The material below has pictures in it. Set down only the lines from the line containing "再来餐厅这边,这里原先是根承" through the line containing "Natural Lace Bow", word for word, and leave the pictures behind.

=== Section Start ===

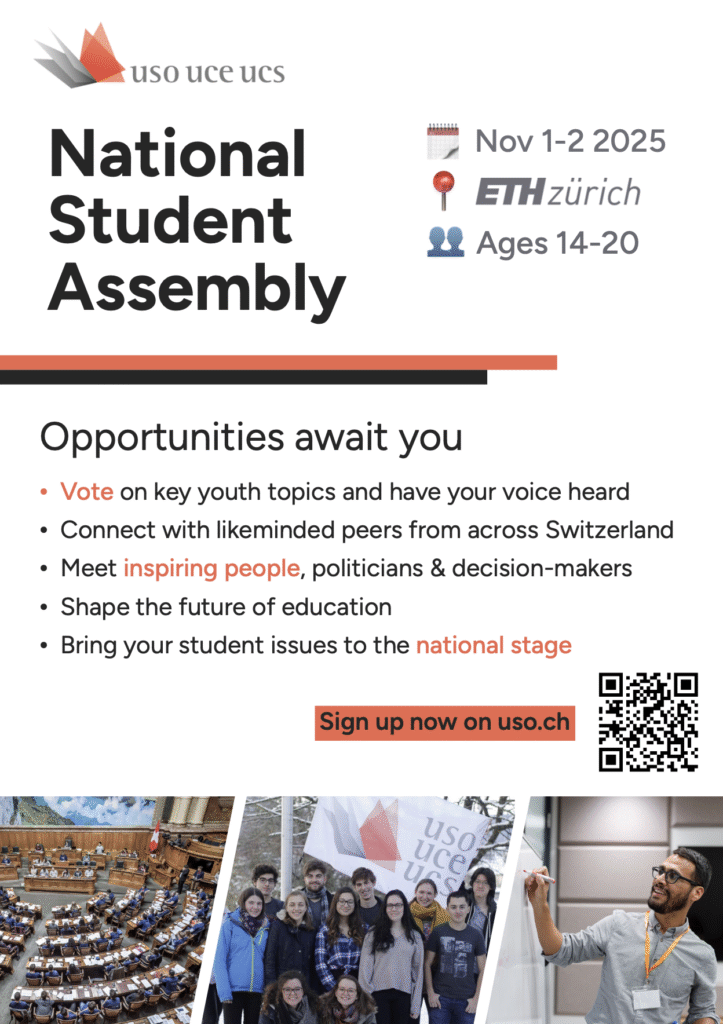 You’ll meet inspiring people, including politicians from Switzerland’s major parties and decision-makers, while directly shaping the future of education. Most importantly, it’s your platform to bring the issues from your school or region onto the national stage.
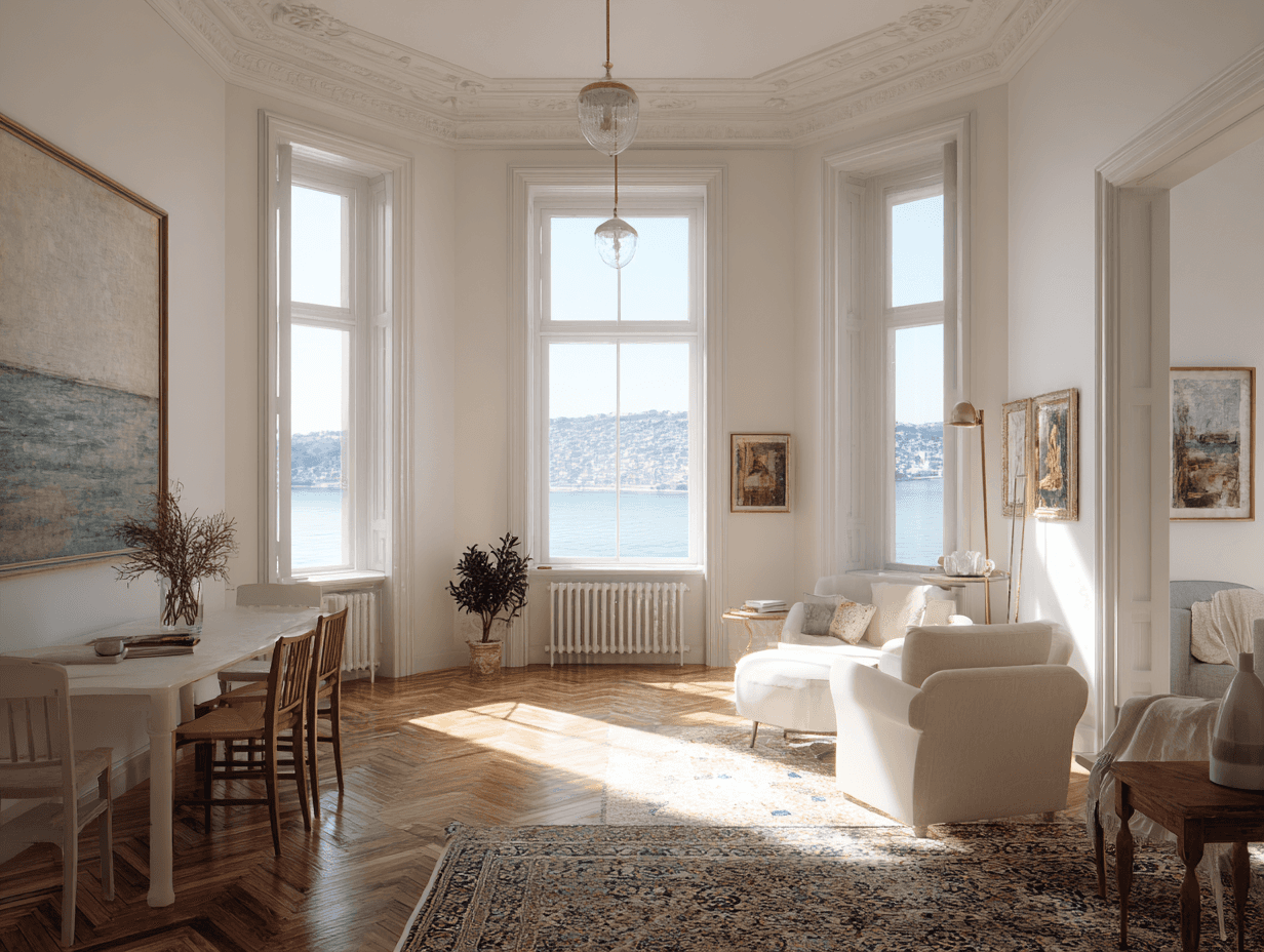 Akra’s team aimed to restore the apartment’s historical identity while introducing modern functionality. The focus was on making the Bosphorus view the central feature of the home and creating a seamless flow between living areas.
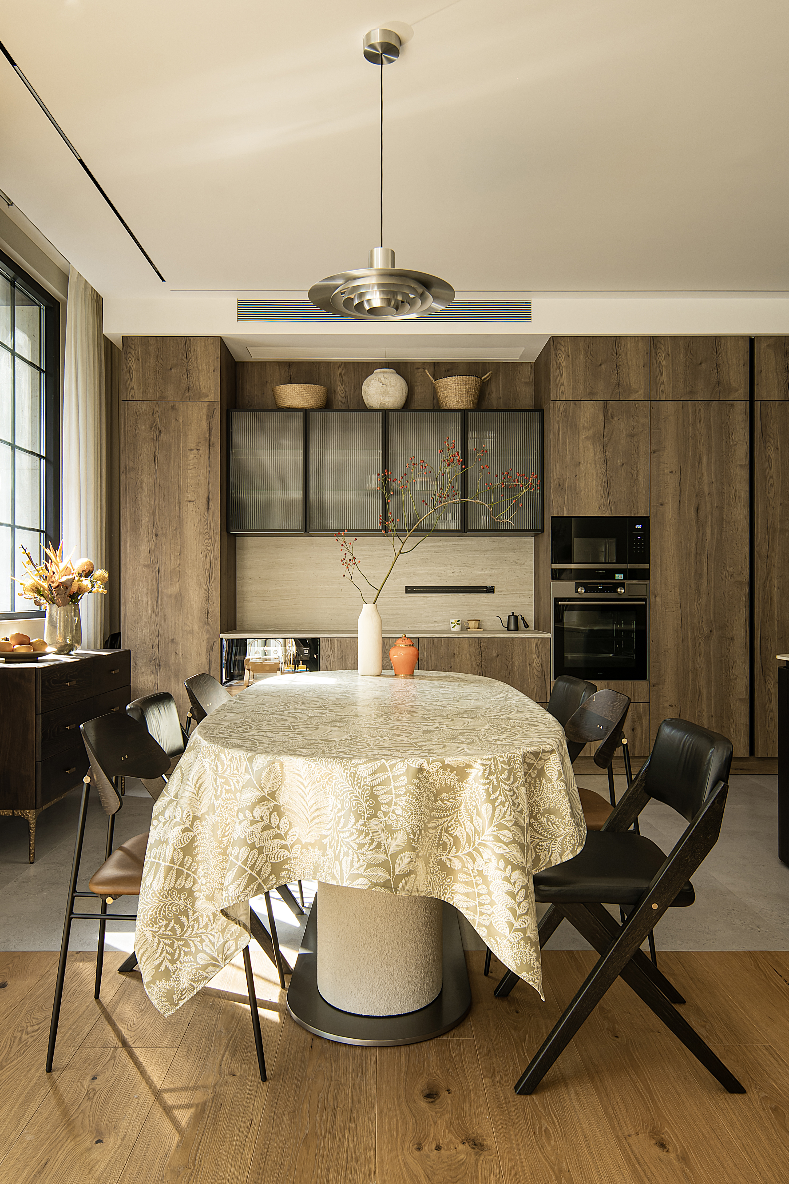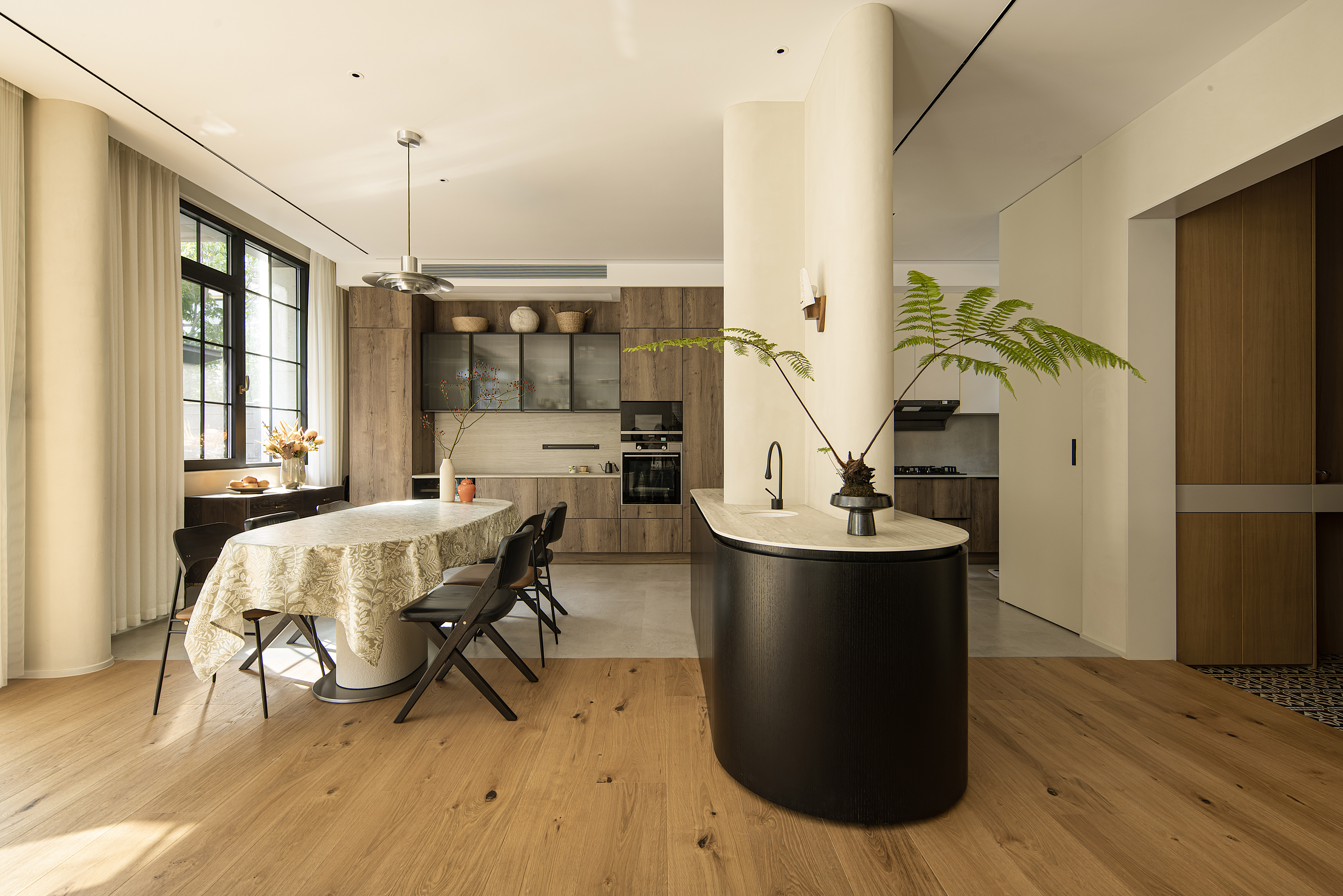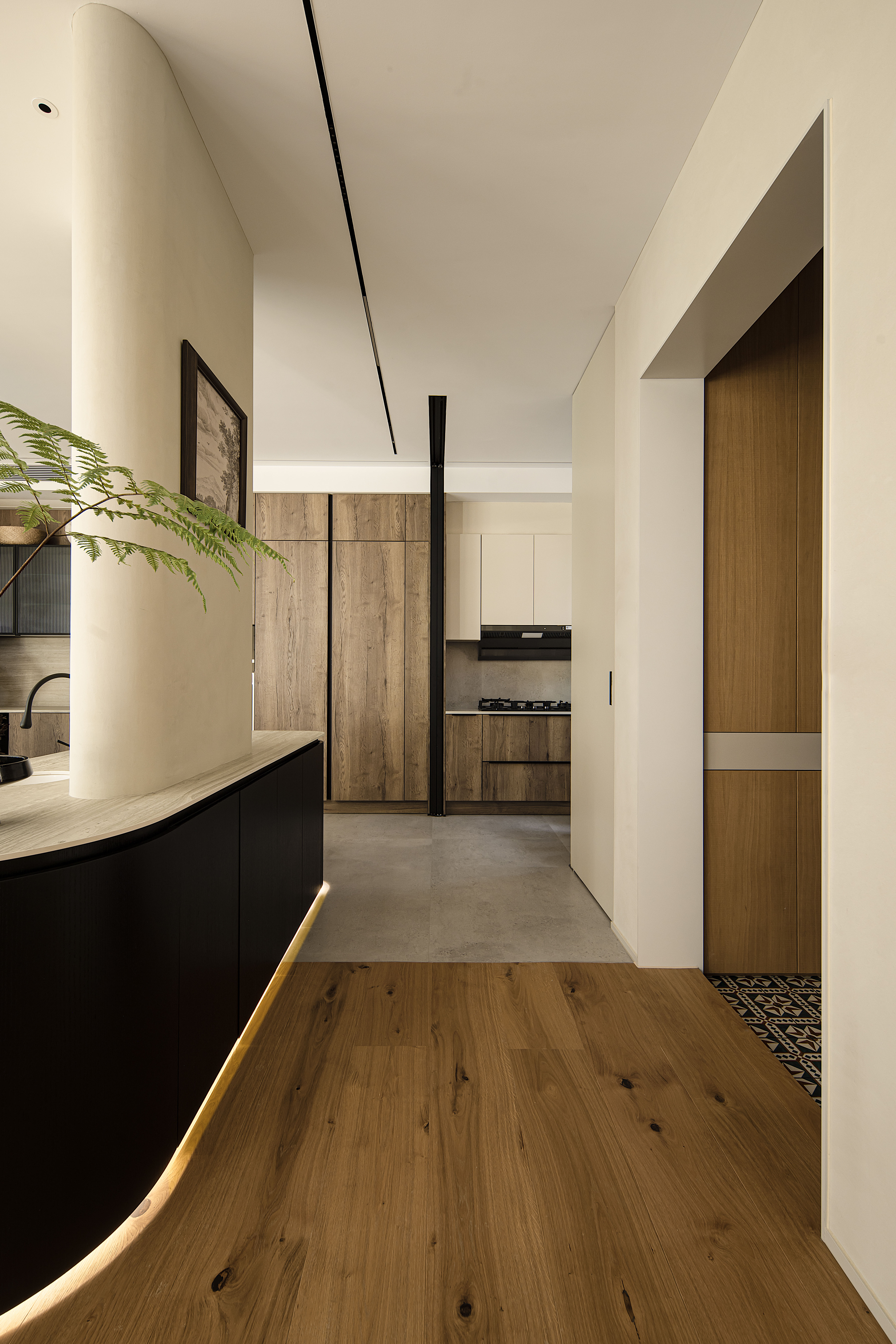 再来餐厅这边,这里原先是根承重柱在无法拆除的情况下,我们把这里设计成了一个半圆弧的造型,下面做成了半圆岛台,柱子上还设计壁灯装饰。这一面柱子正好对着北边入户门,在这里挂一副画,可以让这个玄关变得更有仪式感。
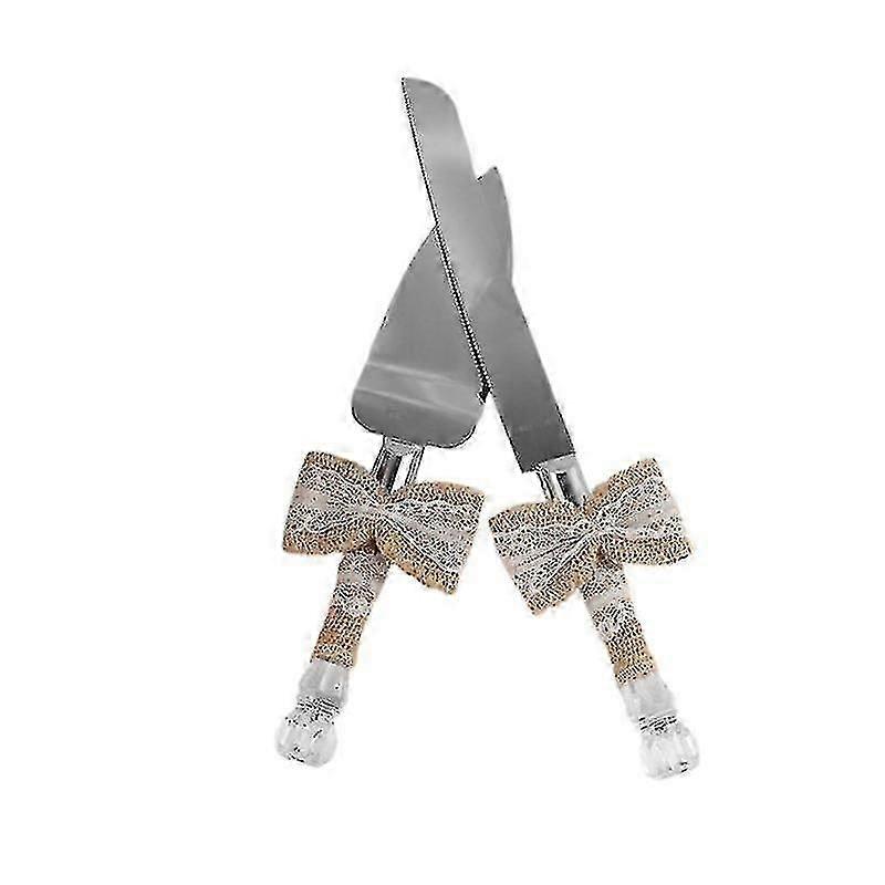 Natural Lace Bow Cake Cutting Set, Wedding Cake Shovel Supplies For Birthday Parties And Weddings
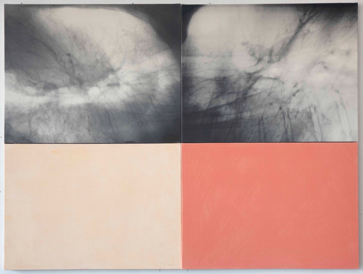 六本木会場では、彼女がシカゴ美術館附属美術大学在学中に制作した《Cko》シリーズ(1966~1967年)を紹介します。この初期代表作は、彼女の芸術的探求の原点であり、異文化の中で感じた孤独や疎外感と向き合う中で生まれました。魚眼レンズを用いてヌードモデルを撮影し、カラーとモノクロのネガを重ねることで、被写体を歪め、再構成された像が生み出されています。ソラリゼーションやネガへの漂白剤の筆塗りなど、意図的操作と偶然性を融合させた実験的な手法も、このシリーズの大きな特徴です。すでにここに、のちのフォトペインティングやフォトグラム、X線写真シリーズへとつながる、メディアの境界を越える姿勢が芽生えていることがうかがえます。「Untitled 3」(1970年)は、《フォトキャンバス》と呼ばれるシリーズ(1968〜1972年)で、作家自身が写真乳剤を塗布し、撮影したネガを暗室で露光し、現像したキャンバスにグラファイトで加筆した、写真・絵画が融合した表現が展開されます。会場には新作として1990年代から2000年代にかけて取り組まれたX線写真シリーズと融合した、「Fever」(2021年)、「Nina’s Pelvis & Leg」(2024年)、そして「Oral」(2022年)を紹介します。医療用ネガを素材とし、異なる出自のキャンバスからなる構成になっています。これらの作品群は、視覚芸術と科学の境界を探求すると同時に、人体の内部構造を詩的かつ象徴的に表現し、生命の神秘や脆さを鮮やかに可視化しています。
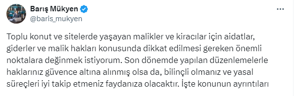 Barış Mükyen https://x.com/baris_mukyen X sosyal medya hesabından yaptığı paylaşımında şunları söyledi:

=== Section End ===

Output below
 再来餐厅这边,这里原先是根承重柱在无法拆除的情况下,我们把这里设计成了一个半圆弧的造型,下面做成了半圆岛台,柱子上还设计壁灯装饰。这一面柱子正好对着北边入户门,在这里挂一副画,可以让这个玄关变得更有仪式感。
 Natural Lace Bow Cake Cutting Set, Wedding Cake Shovel Supplies For Birthday Parties And Weddings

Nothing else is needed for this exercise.